[Task objective]:
Retype every line from the start of the data down to and including the line with "各診療科ごとの、診療日・診療". Skip the pictures.

[Supplied data]:
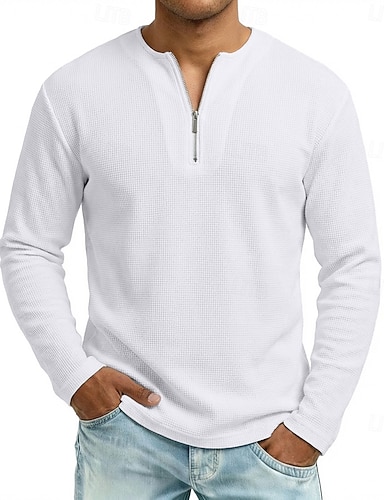 Per uomo Maglietta Waffle Maglietta Manica Lunga Zip a un quarto Primavera Autunno Tutte le stagioni Tinta unica Semplice Testurizzato Quotidiano Retrò Casual Con zip Casuale All'aperto Streetwear
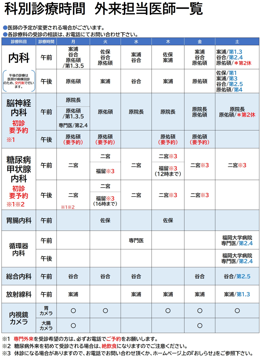 各診療科ごとの、診療日・診療時間は以下よりご確認ください。 学会・出張等により休診になる場合がございますので、お電話にて事前にお問合せください。
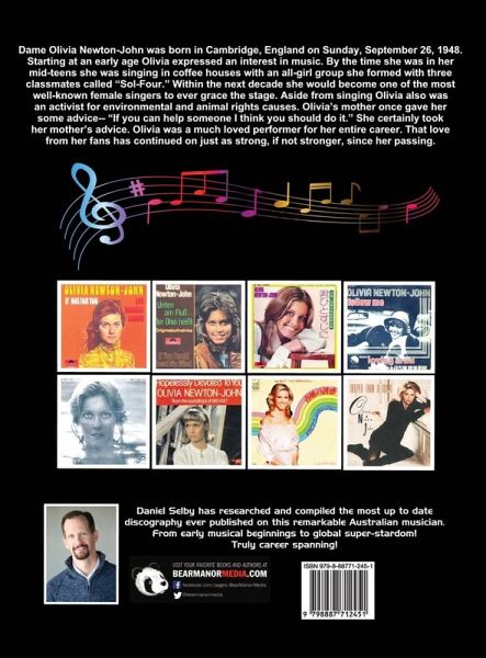 Dame Olivia Newton-John was born in Cambridge, England on Sunday, September 26, 1948. Starting at an early age Olivia expressed an interest in music. By the time she was in her mid-teens she was singing in coffee houses with an all-girl group she formed with three classmates called "Sol-Four." Within the next decade she would become one of the most well-known female singers to ever grace the stage. Aside from singing Olivia also was an activist for environmental and animal rights causes. Olivia's mother once gave her some advice-- "If you can help someone I think you should do it." She certainly took her mother's advice. Olivia was a much loved performer for her entire career. That love from her fans has continued on just as strong, if not stronger, since her passing. Daniel Selby has researched and compiled the most up to date discography ever published on this remarkable Australian musician. From early musical beginnings to global super-stardom! Truly career spanning!

[Finished task]:
 Per uomo Maglietta Waffle Maglietta Manica Lunga Zip a un quarto Primavera Autunno Tutte le stagioni Tinta unica Semplice Testurizzato Quotidiano Retrò Casual Con zip Casuale All'aperto Streetwear
 各診療科ごとの、診療日・診療時間は以下よりご確認ください。 学会・出張等により休診になる場合がございますので、お電話にて事前にお問合せください。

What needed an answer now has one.